The industry, it seems, is starting to grow up. The race for size is giving way to the search for elegance.
Green AI: A Dream or a Necessity?
Major tech companies are not silent on this issue. They publish sustainability reports, promise carbon neutrality, and invest in renewable energy. Microsoft, Google, Amazon – all are building or expanding data centers near sources of “green” energy: hydroelectric plants, wind farms, solar fields.
But there's a subtlety here that's easy to miss. When a tech company says, “we run on 100% renewable energy,” it usually means it's buying certificates for an equivalent amount of green energy produced somewhere in the world. This isn't the same as being physically powered only by sun and wind. The electrical grid is a shared pool, and as long as coal or gas is flowing into it, there's no such thing as technologically pure consumption.
This doesn't mean the efforts are meaningless. It means the picture is more complex than corporate presentations suggest.
Furthermore, there is the so-called “rebound effect.” When a technology becomes more efficient and cheaper, people start using it more. Efficiency lowers the cost of a single query – which means the number of queries increases. Total consumption grows, even if each individual operation has become more economical. This happened with cars, planes, and consumer electronics. There's no reason to think AI will be any different.
What This Means for Us – the Everyday Users
We've gotten used to thinking of AI as something ethereal. The cloud. A neural network. An algorithm. Words that have no physical weight – unlike, say, a car or a factory.
But behind every answer from a language model, there is hardware. Wires. Cooling systems. Turbines somewhere on the other side of the continent. Every time we ask an AI to write an email for us, come up with a recipe, or explain a complex concept, we make a small, almost imperceptible demand on the physical world. And the physical world responds with consumption.
This is not a call to abandon technology. It's an invitation to consider that invisible doesn't mean weightless.

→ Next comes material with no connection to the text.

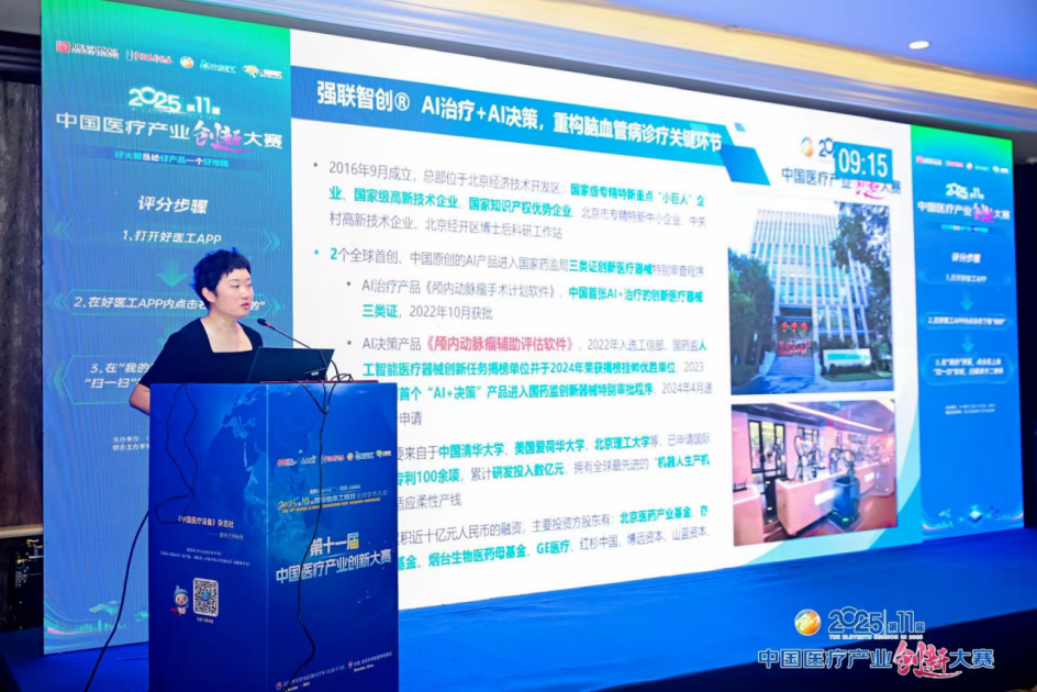 2025年10月17日至20日,在第十个“国际临床工程日” 来临之际,由国际临床工程联盟(GCEA)、《中国医疗设备》杂志社、美国医疗器械促进协会(AAMI)等机构共同主办的第六届国际临床工程与医疗技术管理大会暨第十届“国际临床工程日”全球学术大会在深圳隆重召开。本届大会以“创新全球医疗科技,增进人类健康福祉”为主题,吸引了来自全球110多个国家的专家学者、商会代表及行业精英共同出席,线上线下参会人数超过万人次,充分展现了全球临床工程领域的高关注度与中国在其中的重要地位。 在大会重要分论坛——“中国好医工论坛”上,强联智创®携手首都医科大学宣武医院医学工程处高级工程师李东教授联合进行了专题演讲,主题为《未来已来——用AI重构脑血管病诊疗的关键环节》。演讲中,李东教授展示了AI在脑血管病诊疗中的系统化应用成果:通过AI算法优化术前影像分析流程,实现病变识别与风险预测自动化;在术中辅助决策环节中,实现导管路径智能规划与风险提示;在院企联合转化项目中,探索AI如何在多中心临床实践中形成标准化与可复制的诊疗路径。该主题报告引发了在场专家的广泛关注与热烈讨论,为青年医工与临床医生提供了可直接参考的AI技术临床落地经验,并进一步彰显了中国企业在全球脑血管病智能诊疗领域的引领实力。 10月18日,在大会同期举办的第十一届中国医疗产业创新大赛决赛中,强联智创®创始人、董事长兼总经理秦岚女士代表公司登台参赛,展示了企业自主研发的“颅内动脉瘤辅助评估软件”这一创新成果。 该产品凭借在“AI+决策”方向的突破性应用,从200余个项目中脱颖而出,荣获“最具投资价值奖(企业组)”第四名。作为强联智创®AI+决策体系的核心产品之一,评估软件面向“是否需要手术治疗”的临床关键决策问题,通过综合患者的基础信息、既往病史、家族史、影像学及功能学参数,精准预测颅内动脉瘤的稳定性,为医生提供科学的治疗建议。如果系统判断动脉瘤稳定性较好,医生可采取保守随访方案;若稳定性较差,则建议及时手术干预,以降低中风风险。早在2022年即入选工信部与国家药监局联合发布的人工智能医疗器械创新任务揭榜挂帅名单,并于2024年荣获揭榜挂帅优胜单位。2024年,该产品成为全国首个进入国家药监局创新医疗器械特别审批程序的“AI+决策”产品。 同时,凭借在推动脑血管病智能诊疗、助力医疗公平与患者公益方面的突出贡献,强联智创®荣获“2025年度中国医疗产业社会责任爱心企业”称号。这一荣誉充分肯定了企业在科技创新与社会责任并重方面的长期努力,也展现了其以科技赋能临床、以智能守护生命的使命担当。 作为中国行业领先的专注于脑血管病智能诊疗领域的创新企业,强联智创®受邀亮相本届盛会,全面展示了包括“AI导管塑形机器人家族”在内的一系列原创技术成果,与全球医工同行共同探讨AI技术在医疗健康领域的创新应用与产业化路径。展会期间,多位国内外医疗机构代表、临床工程专家到访展台,就AI技术在神经介入诊疗领域的应用前景和合作模式进行了深入交流。展会不仅展示了中国医疗科技企业在技术创新与产业转化方面的硬实力,也传递出国产高端医疗装备向智能化、国际化发展的坚定信心。强联智创®的亮相与参与,体现了中国企业在全球脑血管病诊疗领域不断增强的话语权与技术影响力。 从“中国好医工”到“世界好医工”,从国内创新大赛到国际学术盛会,强联智创®始终秉持“让导管自动认路,让医生更专注治疗”的使命,坚持科研创新与临床需求深度融合。此次参会与获奖,不仅是对公司技术创新实力的肯定,更标志着强联智创®在国际舞台上持续拓展的步伐。未来,强联智创®将继续携手国内外医疗专家,共建智慧医疗生态体系,助力中国医疗科技以创新姿态走向世界,以AI赋能健康未来。 关于强联智创®       强联智创(北京)科技有限公司(以下简称“强联智创®”)成立于2016年9月,位于北京市北京经济技术开发区,是专注于脑血管病智能诊疗领域的行业龙头企业,致力于打造AI驱动的新一代神经介入“全自动驾驶”解决方案,通过AI治疗+AI决策的方式提供软硬件结合的整体解决方案,解决临床诊疗中的卡脖子难题,覆盖国家神经疾病中心、省市级重点医院及基层医院;同时,基于公司自主知识产权的脑血管病智能诊疗服务平台,为上亿脑血管病潜在患者及高危人群提供健康科普、筛查、体检及随访等服务。强联智创®是国家高新技术企业、国家专精特新“小巨人”企业、国家知识产权优势企业,2023年上榜胡润全球猎豹企业。       强联智创®长期与国家神经疾病中心开展紧密的医工结合,联合进行中国原创、国际首创的产品研发,技术水平和自主研发能力行业领先。参与和承担国家级和省市级重大课题10余项,已申请各项专利100余项,已授权的PCT及发明专利50余项。公司以“AI赋能医疗,科技呵护生命”为使命,致力于用AI治疗+AI决策重构脑血管病诊疗的关键环节。在治疗端,形成以AI内核为驱动的新一代“全自动驾驶”整体解决方案 —— 【颅内动脉瘤手术智能化解决方案】,属于中国原创、全球首创的颠覆式创新产品,开创AI辅助神经介入手术治疗的先河,填补国际空白。其中的核心AI软件【UKnow®颅内动脉瘤手术计划软件】是中国第一张AI治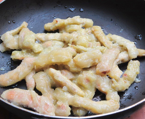 Bước 2: Trong lúc luộc me thì cho vừng vào chảo, rang chín vừng.

In Singapore, we've long learned to think about infrastructure differently than most. Every liter of water here is the result of an engineering solution. Every kilowatt-hour is someone's responsibility. A small island can't afford the luxury of not counting its resources. And perhaps it is this perspective – the perspective of an island in a vast ocean – that the tech industry needs today.
A Limit Not Crossed Twice
The most interesting thing about the scaling limit is that it doesn't look like a wall. It looks like a gentle slope that keeps getting steeper. You keep walking, expending more and more energy – but your altitude barely changes.
Some researchers believe the solution lies in fundamentally new architectures. Not the transformers that underpin most current language models, but something else. Perhaps neuromorphic chips, which mimic the workings of the biological brain and consume orders of magnitude less power. Perhaps hybrid systems, where a neural network handles only part of the task, with more traditional algorithms doing the rest.
Perhaps – and this is the boldest idea – we need to stop striving for universality. The human brain is not a universal computer. It is specialized, selective, and lazy in the best sense of the word – it doesn't waste resources on things that aren't immediately necessary. And yet, it masters tasks that stump the most powerful models.
Maybe the future of AI isn't one enormous mind that knows everything. Maybe it's an ecosystem of small, specialized intelligences, each doing its own job well and not wasting energy on the rest.
Like living creatures, in fact. Which also, at some point, learned not to chase size, but to chase precision.
AI is hungry. But perhaps it's finally learning to be picky about what it puts on its plate.